§ Exercise directions: Print only the lines below from the one with "Now you can" to the one with "首页 / 视频素材 / AI视频素材(横屏) / 城市建筑间的晚霞景色", both included, exactly as they stand. Leave pictures out.

§ The records:
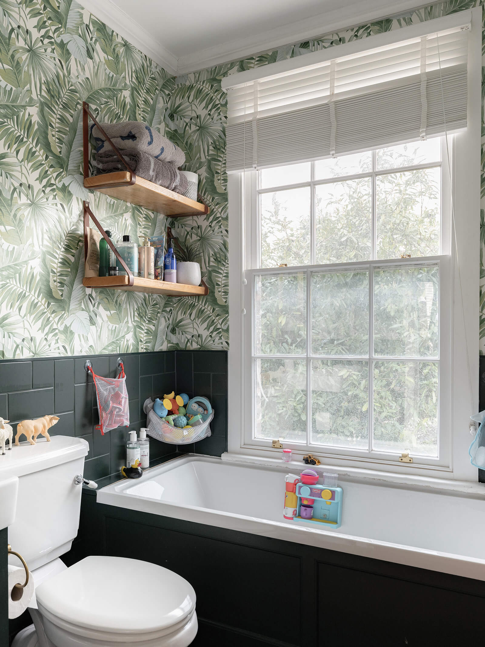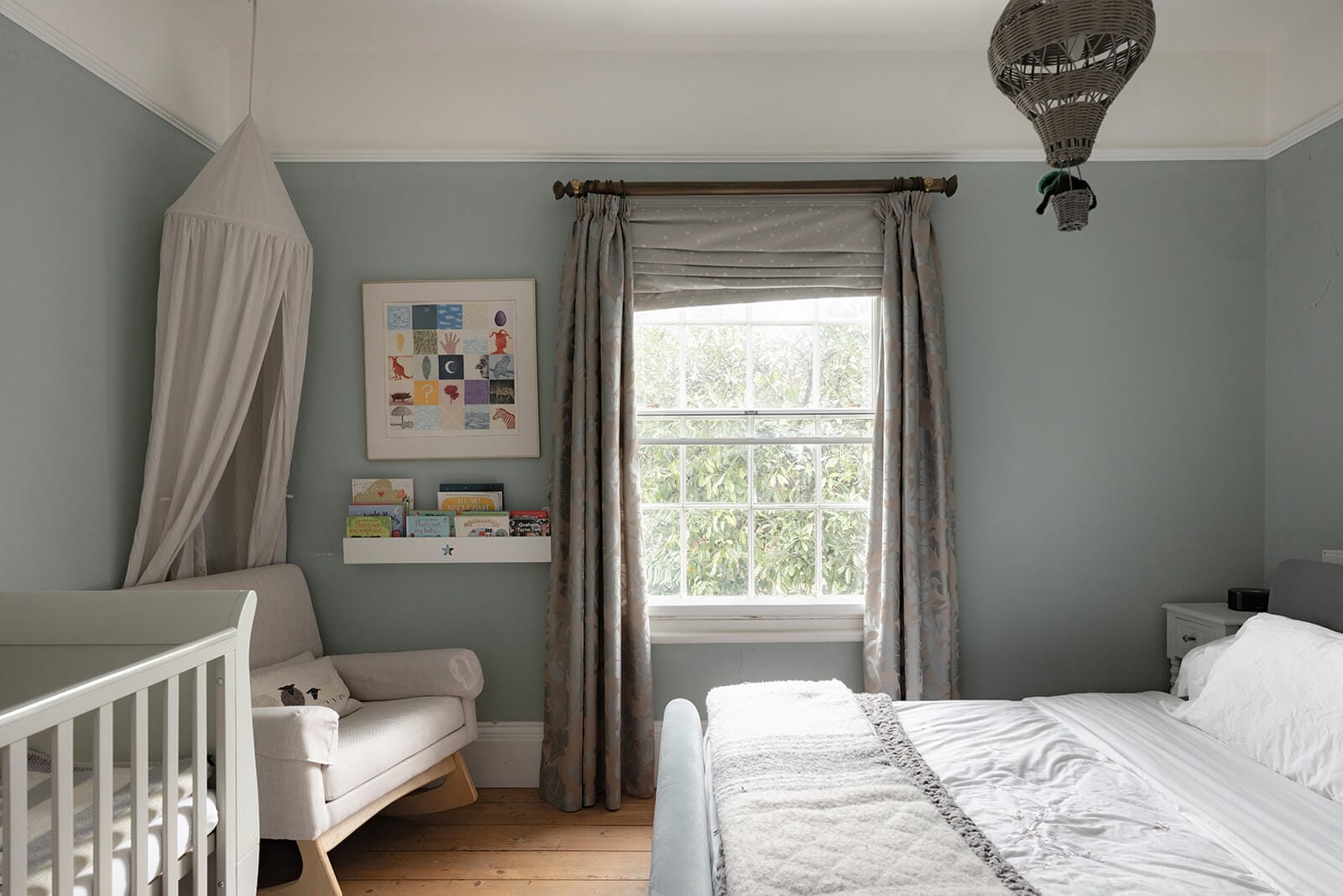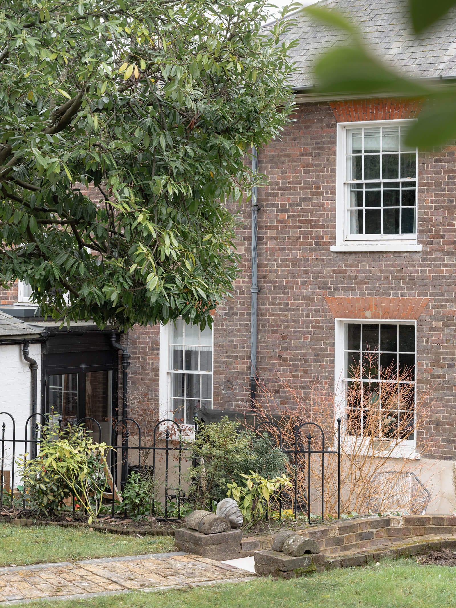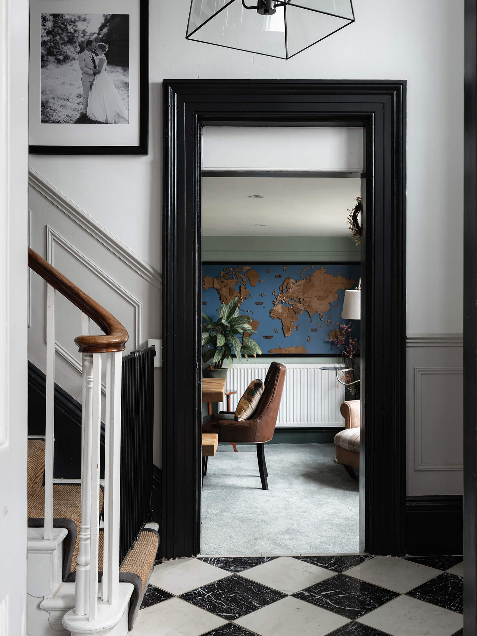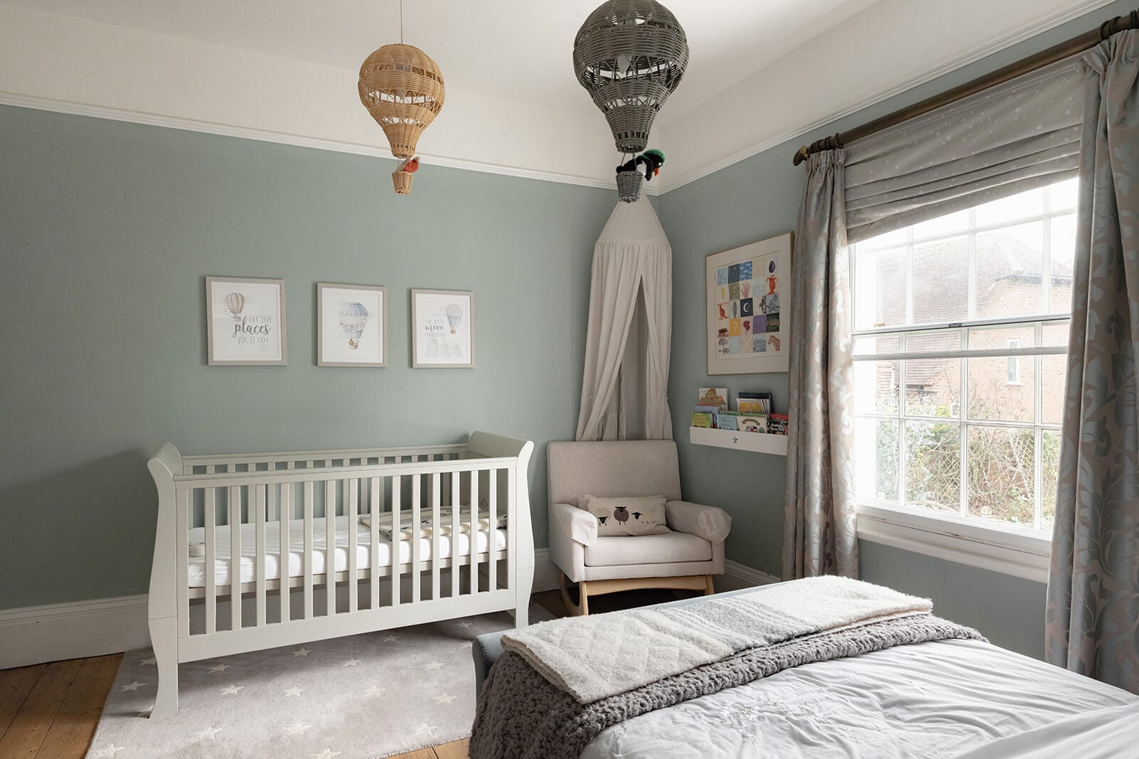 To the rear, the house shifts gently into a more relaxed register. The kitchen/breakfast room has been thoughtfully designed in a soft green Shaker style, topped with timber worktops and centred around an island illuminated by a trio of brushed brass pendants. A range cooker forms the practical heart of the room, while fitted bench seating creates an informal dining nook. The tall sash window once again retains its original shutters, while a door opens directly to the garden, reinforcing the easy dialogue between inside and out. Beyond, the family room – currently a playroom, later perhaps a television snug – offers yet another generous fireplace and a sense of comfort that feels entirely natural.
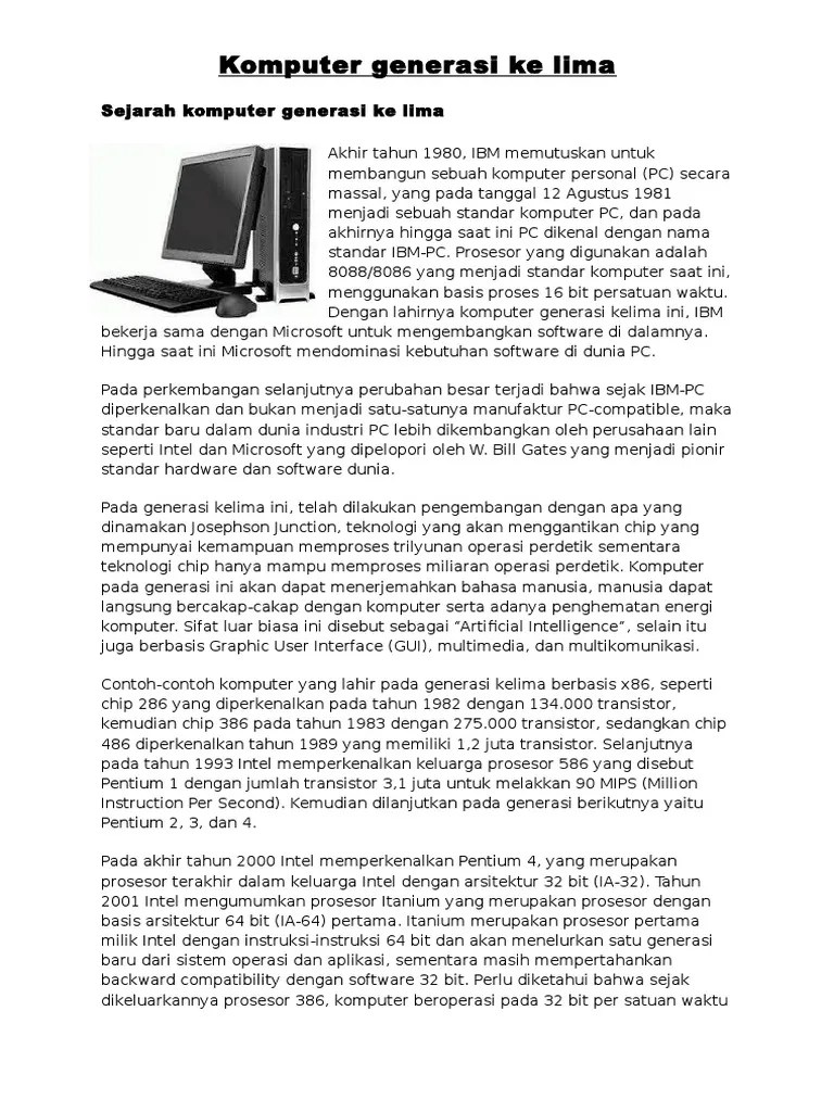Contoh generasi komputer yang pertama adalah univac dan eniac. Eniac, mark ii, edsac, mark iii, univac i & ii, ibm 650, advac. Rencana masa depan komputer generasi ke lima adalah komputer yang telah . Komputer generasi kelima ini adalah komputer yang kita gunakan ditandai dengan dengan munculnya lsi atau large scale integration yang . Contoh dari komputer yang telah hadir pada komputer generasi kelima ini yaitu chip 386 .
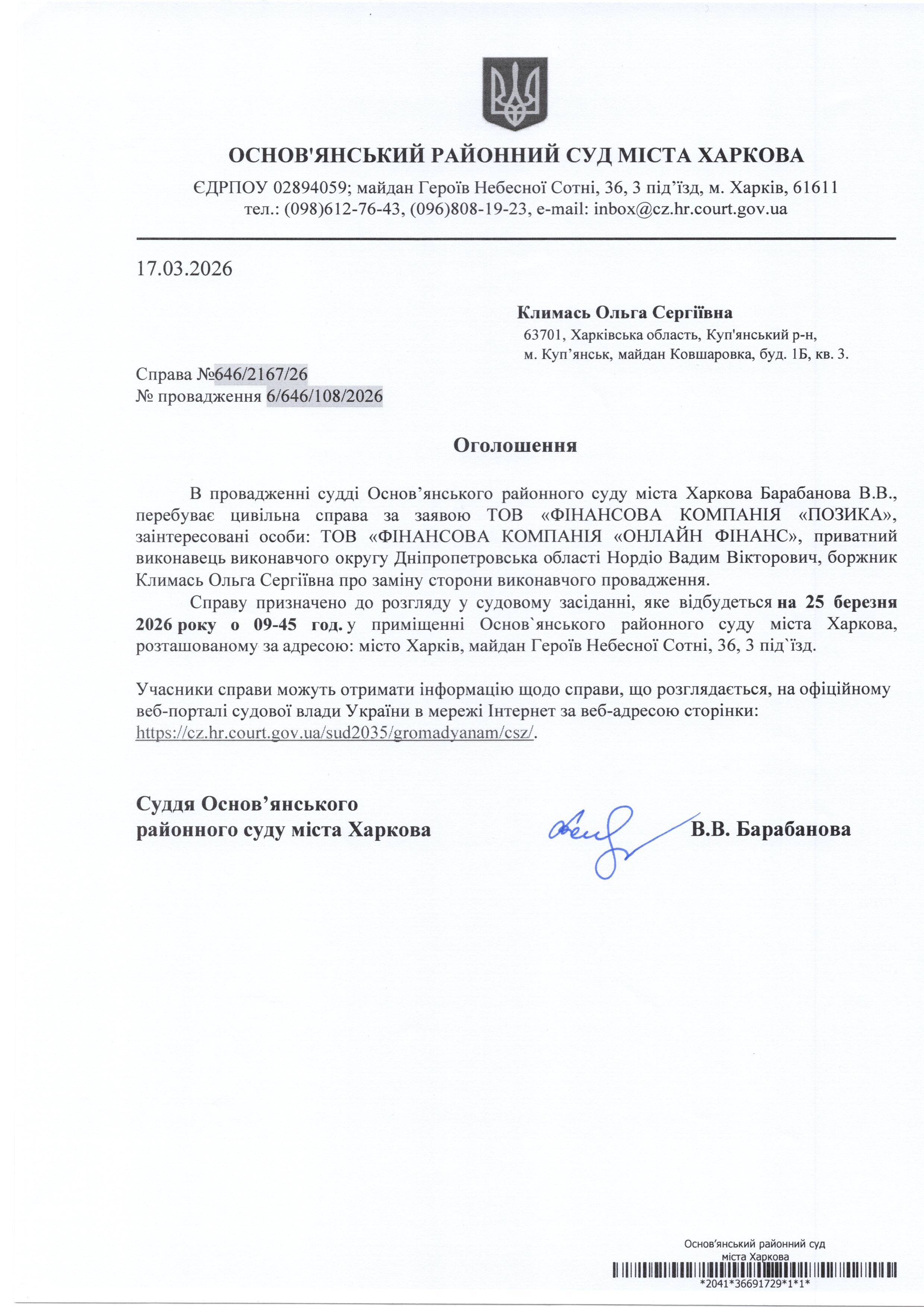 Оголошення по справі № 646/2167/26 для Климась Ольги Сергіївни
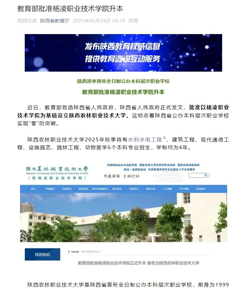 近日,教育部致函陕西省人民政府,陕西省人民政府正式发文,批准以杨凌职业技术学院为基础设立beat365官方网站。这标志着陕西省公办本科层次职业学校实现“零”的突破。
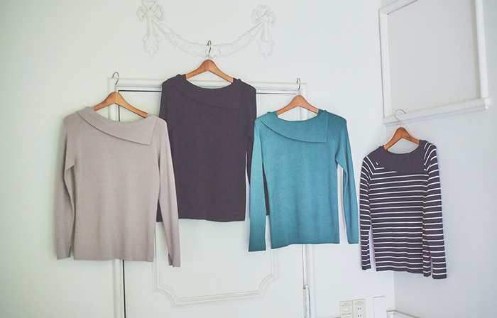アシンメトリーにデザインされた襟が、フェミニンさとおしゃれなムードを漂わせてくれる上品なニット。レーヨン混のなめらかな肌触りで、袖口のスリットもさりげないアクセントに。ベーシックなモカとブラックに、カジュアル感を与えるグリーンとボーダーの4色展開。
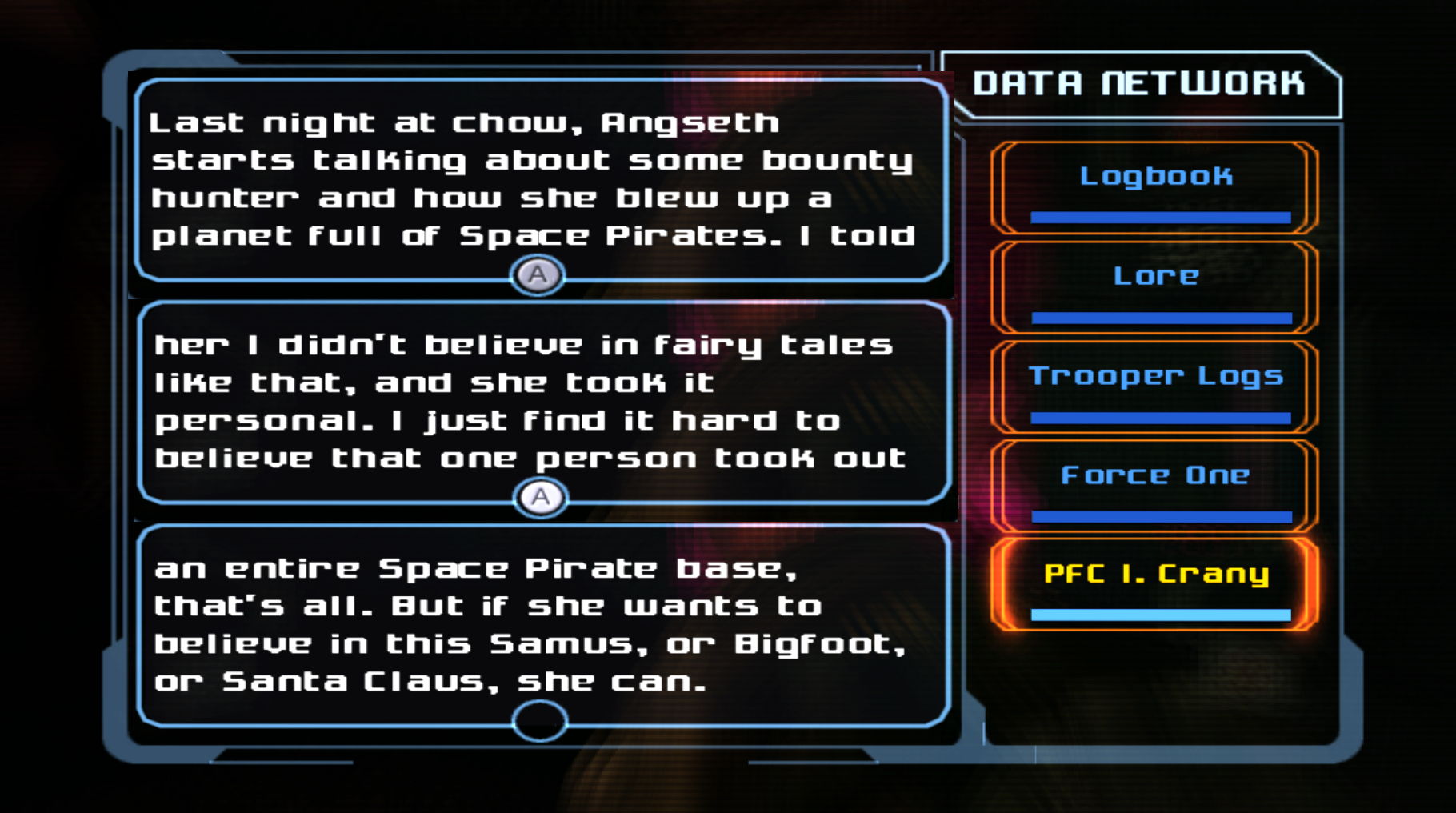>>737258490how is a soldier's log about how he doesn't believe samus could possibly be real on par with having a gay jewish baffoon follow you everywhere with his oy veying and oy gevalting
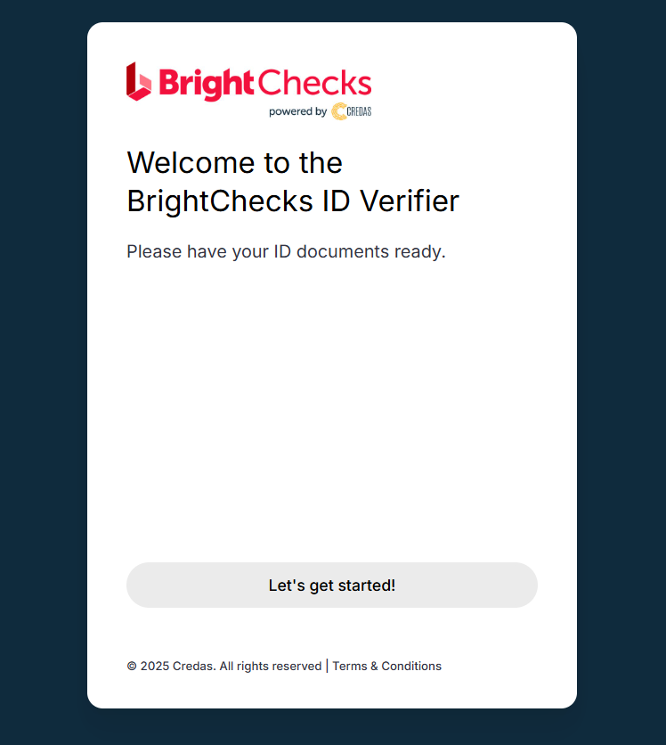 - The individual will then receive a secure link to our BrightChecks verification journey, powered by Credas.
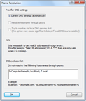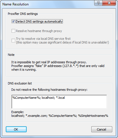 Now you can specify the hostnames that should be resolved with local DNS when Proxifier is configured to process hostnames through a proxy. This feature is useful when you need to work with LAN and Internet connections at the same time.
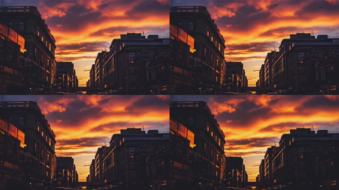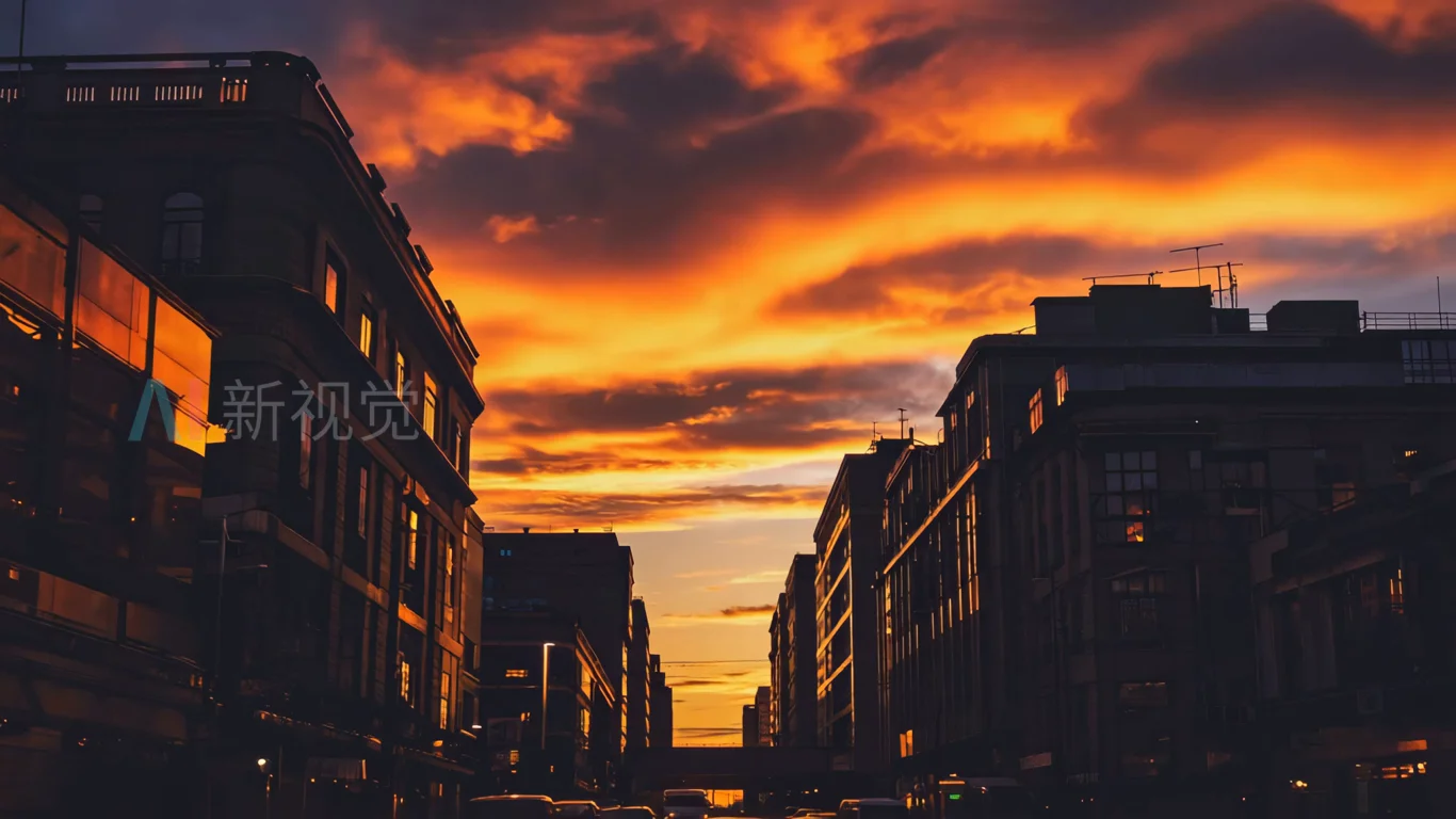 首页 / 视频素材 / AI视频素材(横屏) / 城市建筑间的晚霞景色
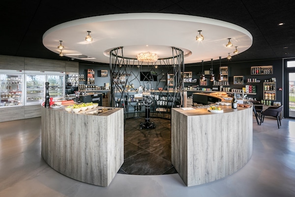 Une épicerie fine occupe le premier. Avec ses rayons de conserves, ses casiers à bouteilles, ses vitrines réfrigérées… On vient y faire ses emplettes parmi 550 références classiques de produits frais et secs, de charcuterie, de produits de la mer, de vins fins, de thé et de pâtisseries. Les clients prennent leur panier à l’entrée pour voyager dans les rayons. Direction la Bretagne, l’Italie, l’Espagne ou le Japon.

§ Response:
 Now you can specify the hostnames that should be resolved with local DNS when Proxifier is configured to process hostnames through a proxy. This feature is useful when you need to work with LAN and Internet connections at the same time.
 首页 / 视频素材 / AI视频素材(横屏) / 城市建筑间的晚霞景色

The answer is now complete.